[Records for this task Boundary: Start]

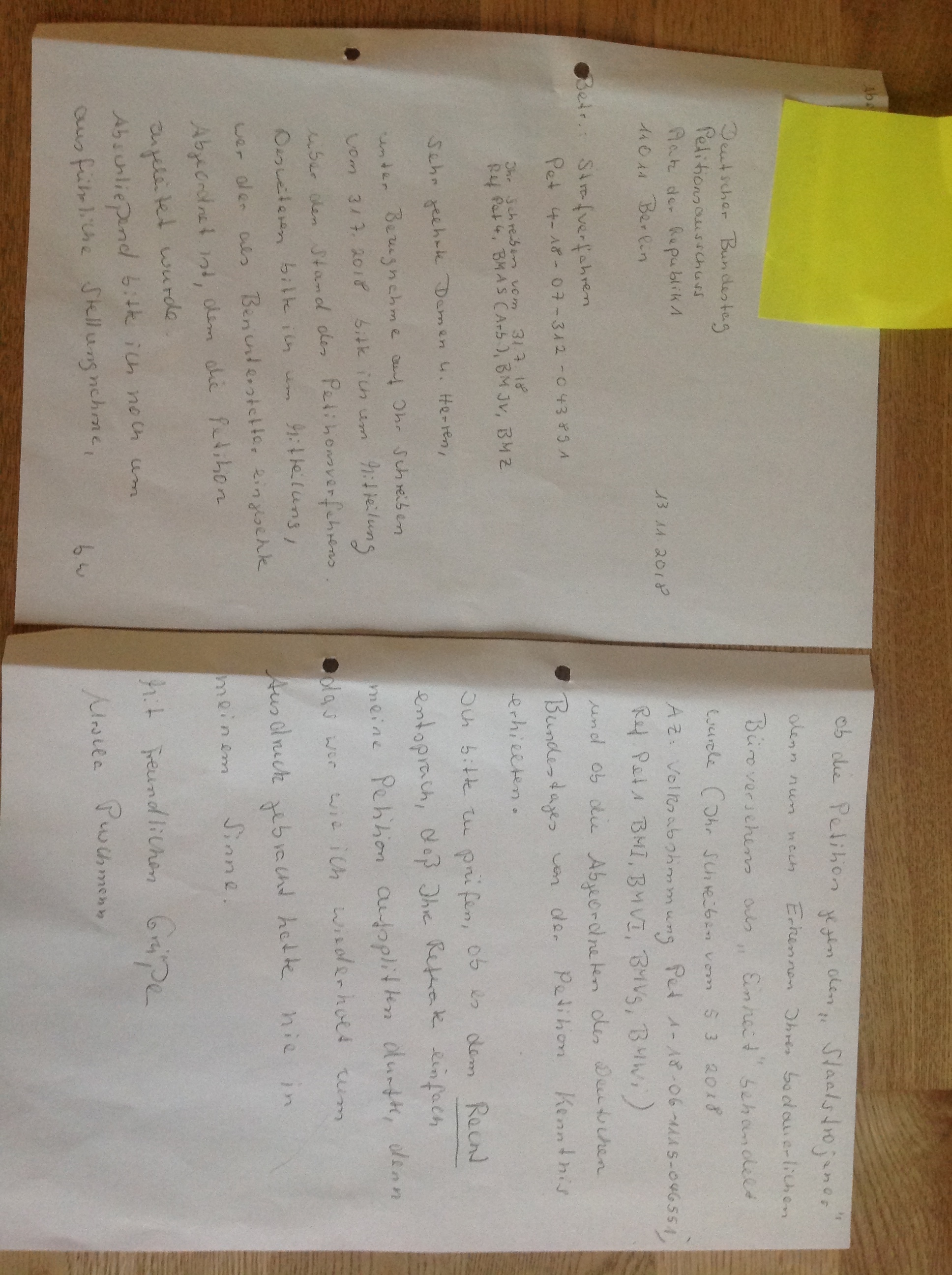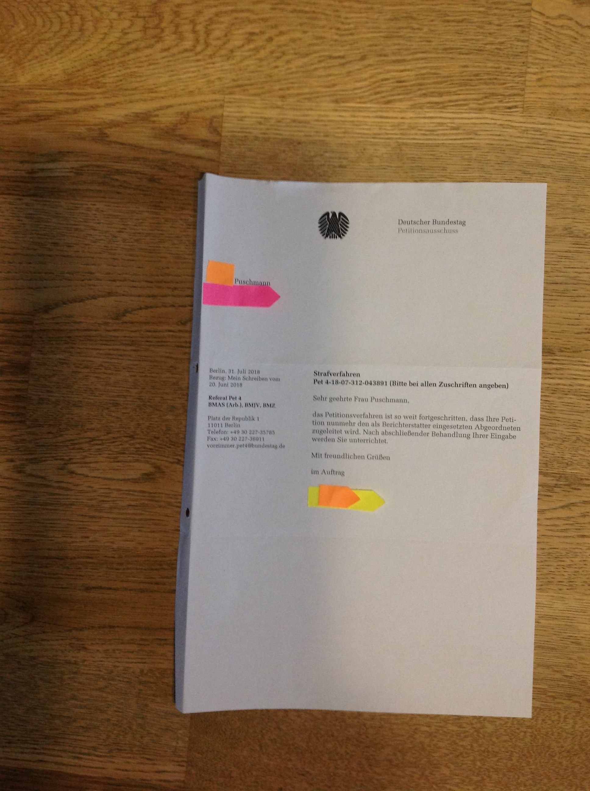 Das Petitionsverfahren ist soweit fortgeschritten, dass die Petition an den als Berichterstatter eingesetzten Abgeordneten zugeleitet wird. Nach Abschliessender Behandlung wurde Unterrichtung zugesagt. Schreiben vom 31.7.2018. Pet- 4-18-07-312-043891
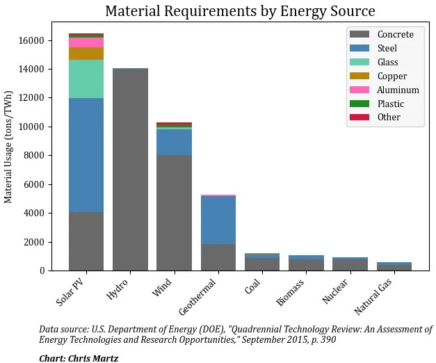 Other studies using US DOE data into the material intensity of wind and solar power have shown a similar result, see Figure 7.
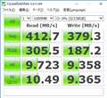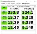 CrystalDiskMarkでシーケンシャルリード、ライト共に300MB/s超え
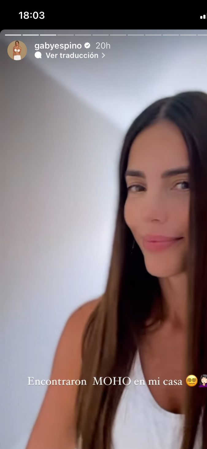 En el primer video se ve a Espino usando tapabocas y caminando por la segunda planta de su casa. En la siguiente historia anuncia: “encontraron moho en mi casa”.
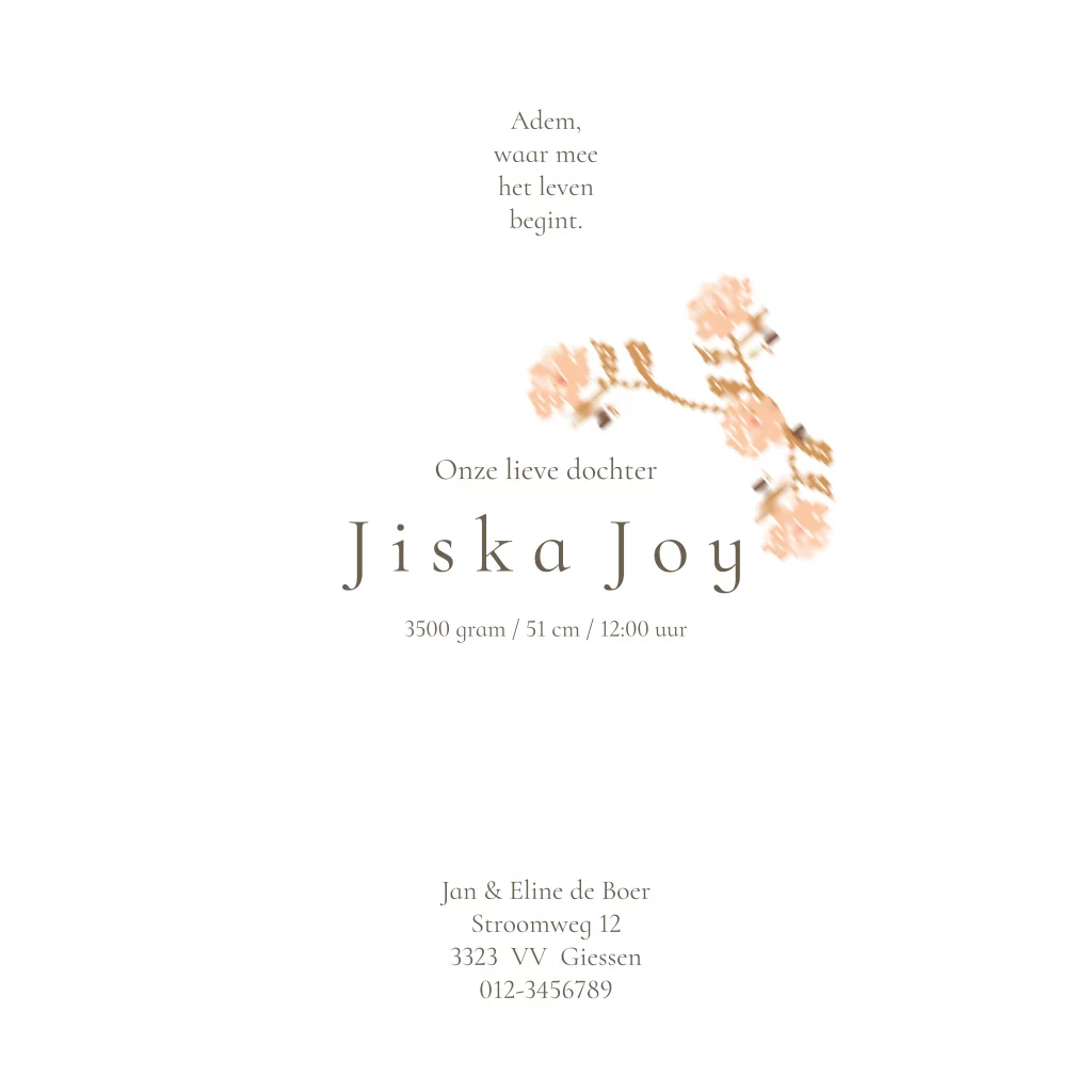 Geboortekaartje vierkant folie retro bloemen
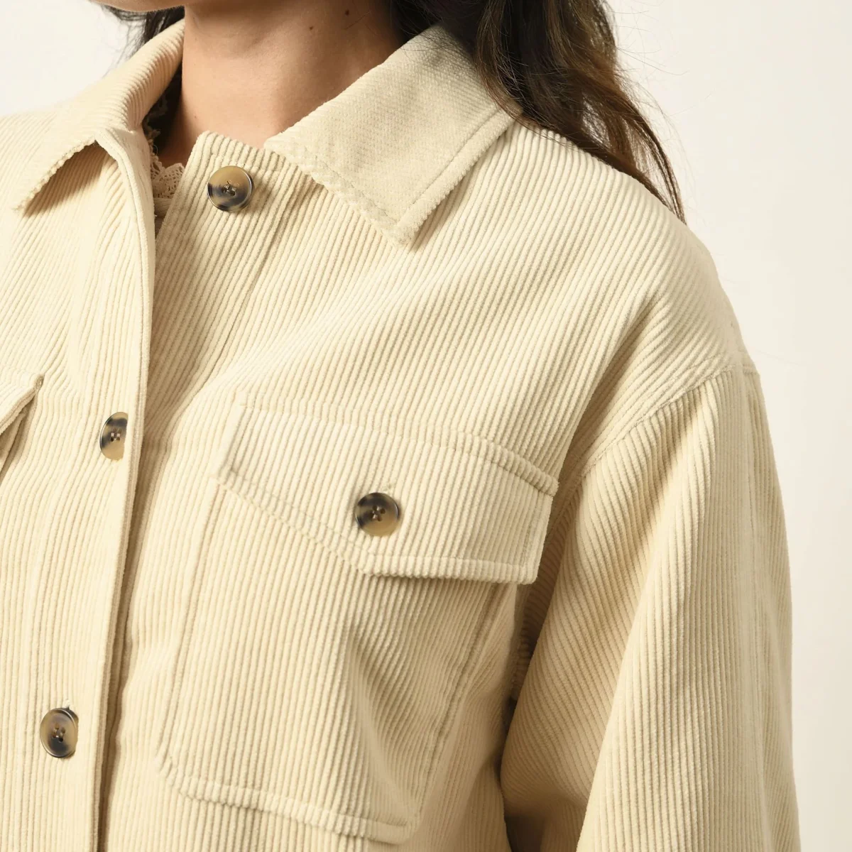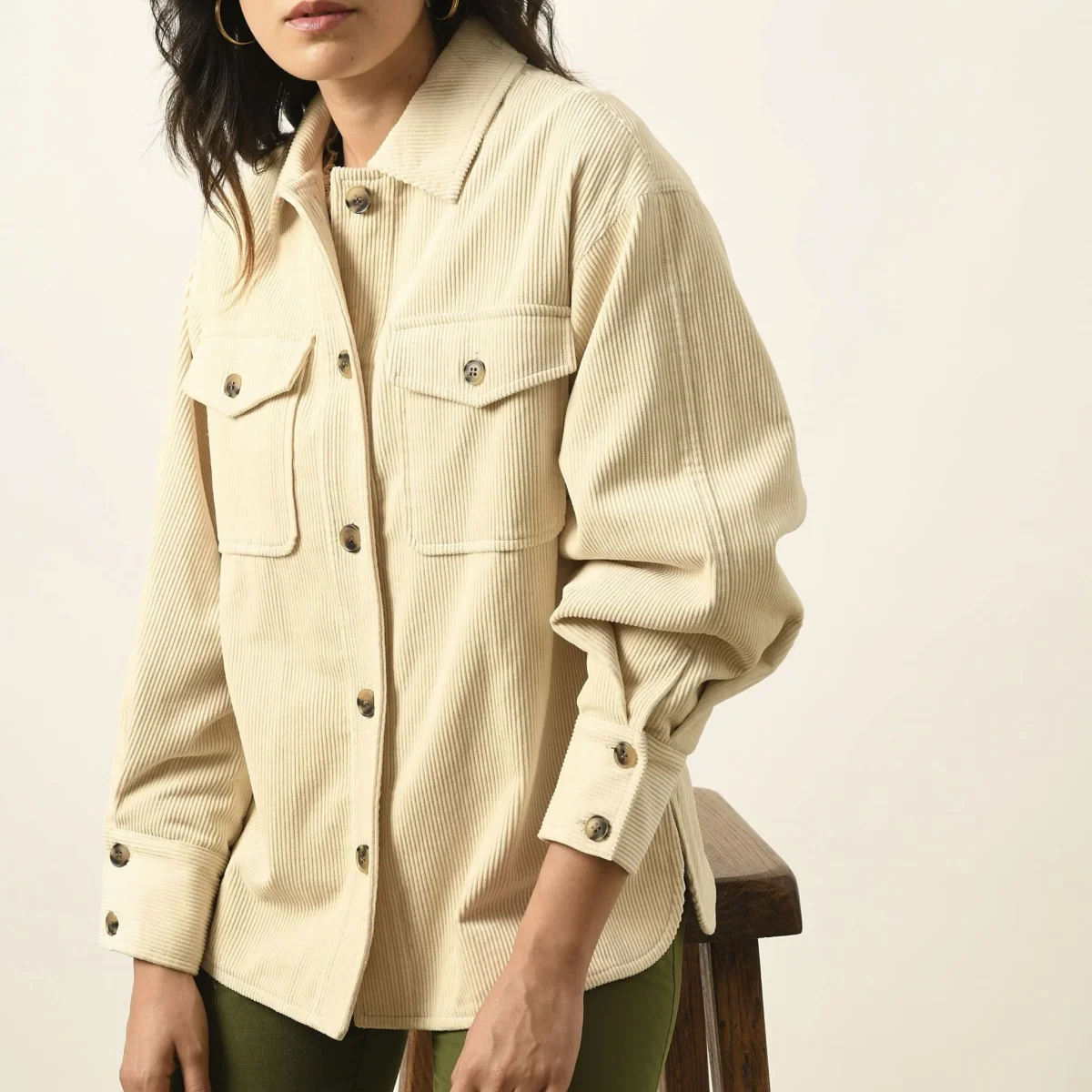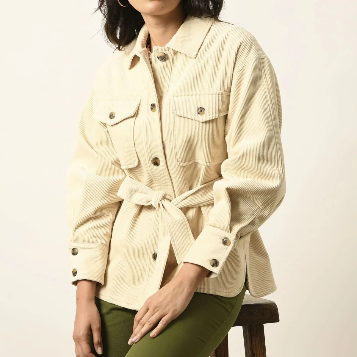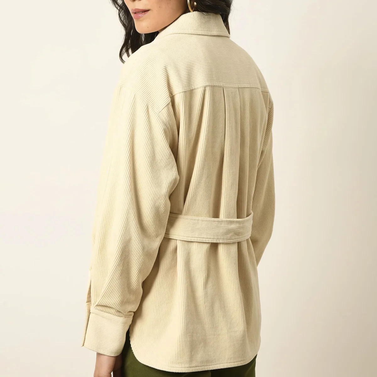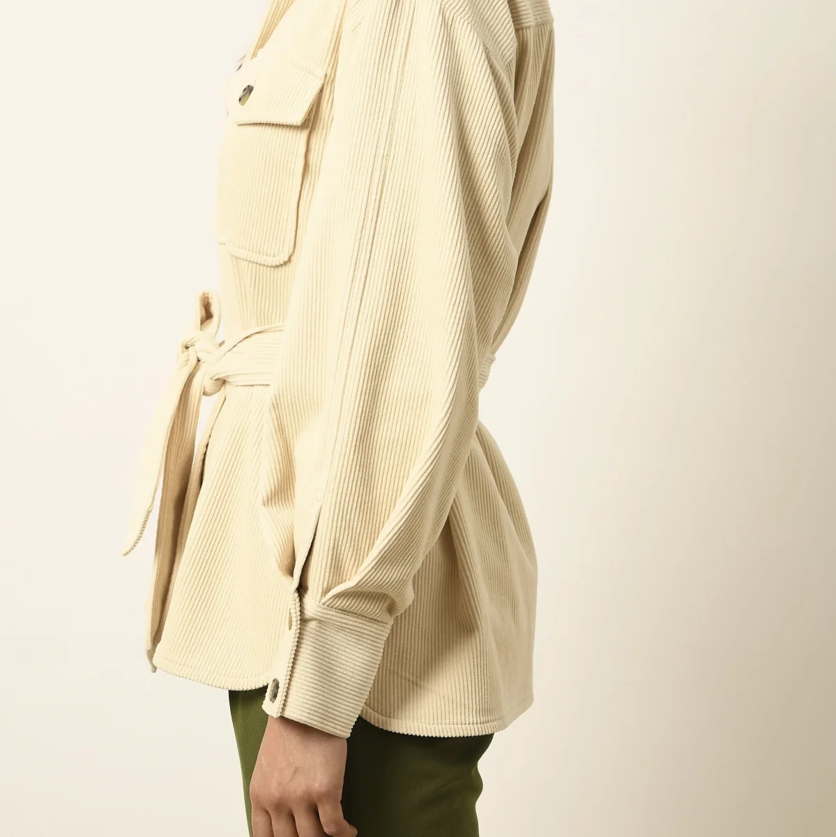 Veste écrue en velours côtelé, coupe droite, col chemise et boutonnage simple. On y trouve 2 poches à rabat sur la poitrine. Cette veste peut se porter ceinturée, avec passant et ceinture amovible. Fentes sur les côtés, et l’arrière est légèrement plus long.
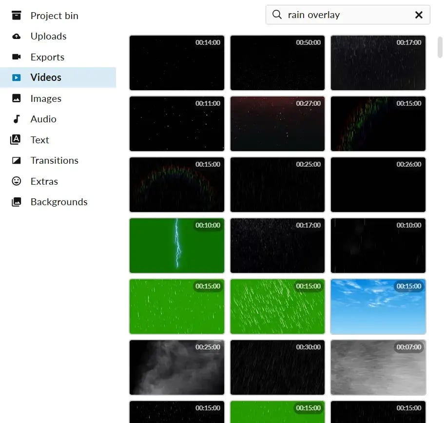 Since WeVideo has a built-in chroma key tool, we recommend using the rain overlays generated on a green screen, as they offer greater ease of use. Find the correct overlay and drag it onto the "rain" track.
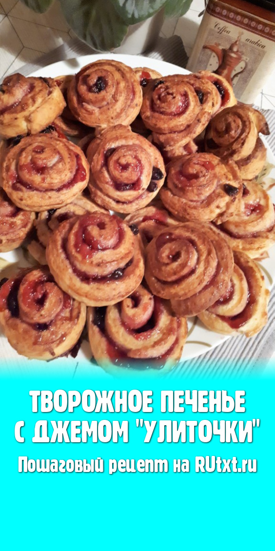 Нежное, вкусное и красивое творожное печенье с джемом "Улиточки" подаём с чаем или молоком.
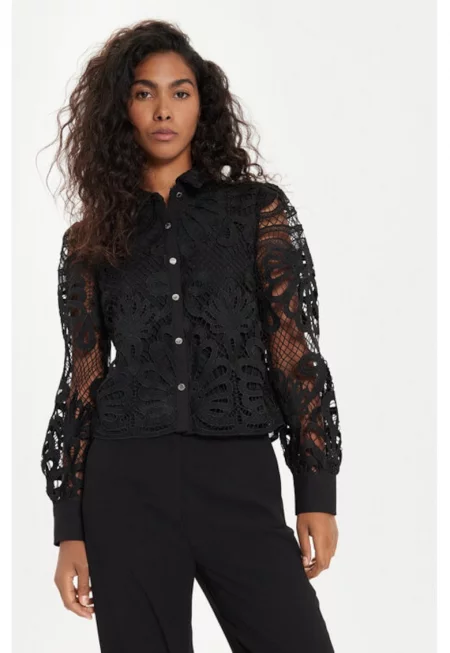Дамска риза - 304480560 - Полиестер - Черен - Черен
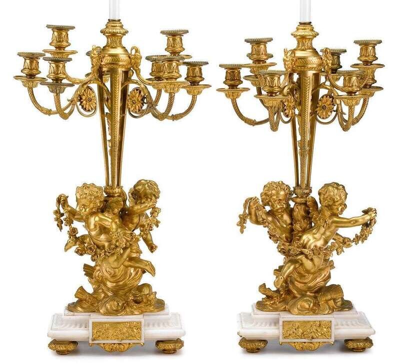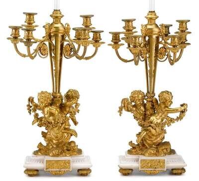 Each modeled with twin putti in flight holding a floral garland issuing nine candlearms terminating in leaf-cast nozzles, raised on stepped marble plinth, on toupie feet. Fitted and wired for electricity.
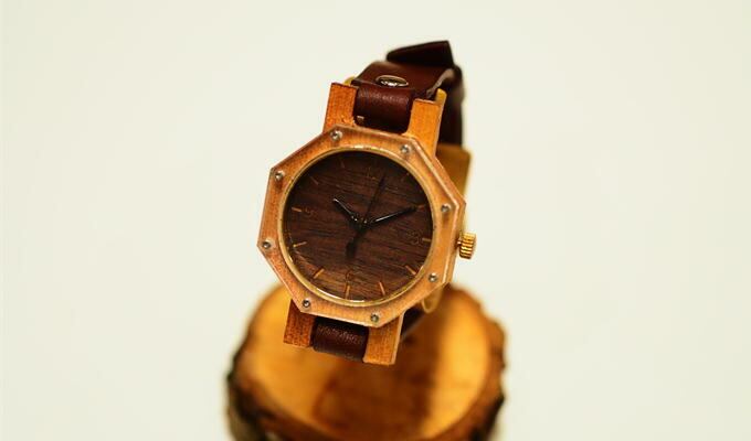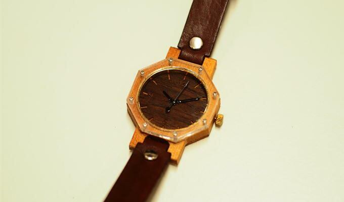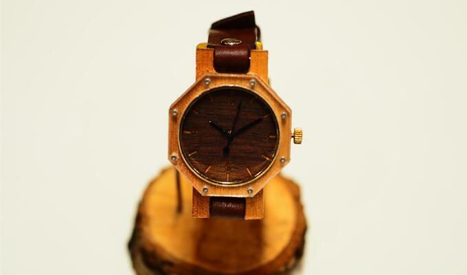一つ一つ手作業で産み出し、材木に桜を使用した木製腕時計。
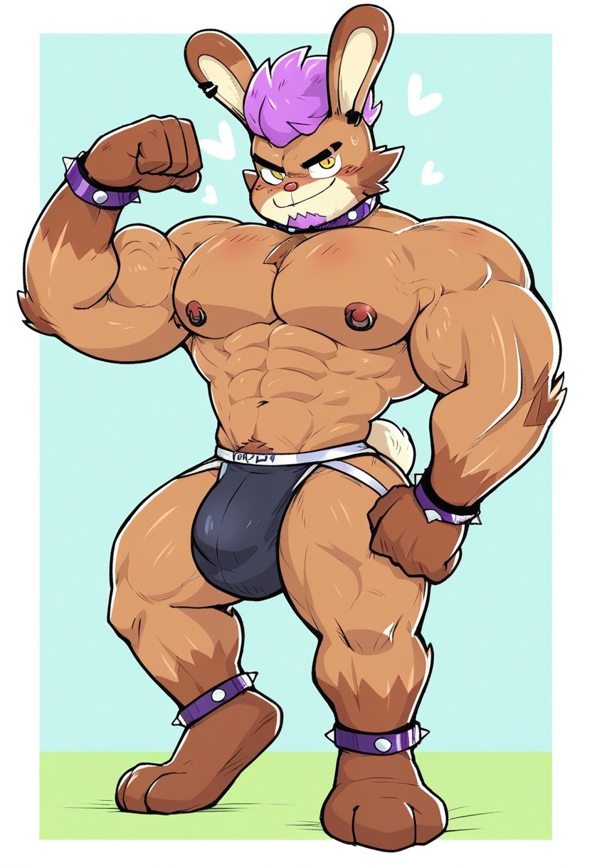 Munchy, rabbit boy, purple hair, brown fur, goatee, muscular male, furry male, rabbit ears,

[Records for this task Boundary: End]

Task statement: When you give the entries again, keep them exact and omit any picture they contain.

Answer:
 Das Petitionsverfahren ist soweit fortgeschritten, dass die Petition an den als Berichterstatter eingesetzten Abgeordneten zugeleitet wird. Nach Abschliessender Behandlung wurde Unterrichtung zugesagt. Schreiben vom 31.7.2018. Pet- 4-18-07-312-043891
 Other studies using US DOE data into the material intensity of wind and solar power have shown a similar result, see Figure 7.
 CrystalDiskMarkでシーケンシャルリード、ライト共に300MB/s超え
 En el primer video se ve a Espino usando tapabocas y caminando por la segunda planta de su casa. En la siguiente historia anuncia: “encontraron moho en mi casa”.
 Geboortekaartje vierkant folie retro bloemen
 Veste écrue en velours côtelé, coupe droite, col chemise et boutonnage simple. On y trouve 2 poches à rabat sur la poitrine. Cette veste peut se porter ceinturée, avec passant et ceinture amovible. Fentes sur les côtés, et l’arrière est légèrement plus long.
 Since WeVideo has a built-in chroma key tool, we recommend using the rain overlays generated on a green screen, as they offer greater ease of use. Find the correct overlay and drag it onto the "rain" track.
 Нежное, вкусное и красивое творожное печенье с джемом "Улиточки" подаём с чаем или молоком.
Дамска риза - 304480560 - Полиестер - Черен - Черен
 Each modeled with twin putti in flight holding a floral garland issuing nine candlearms terminating in leaf-cast nozzles, raised on stepped marble plinth, on toupie feet. Fitted and wired for electricity.
一つ一つ手作業で産み出し、材木に桜を使用した木製腕時計。
 Munchy, rabbit boy, purple hair, brown fur, goatee, muscular male, furry male, rabbit ears,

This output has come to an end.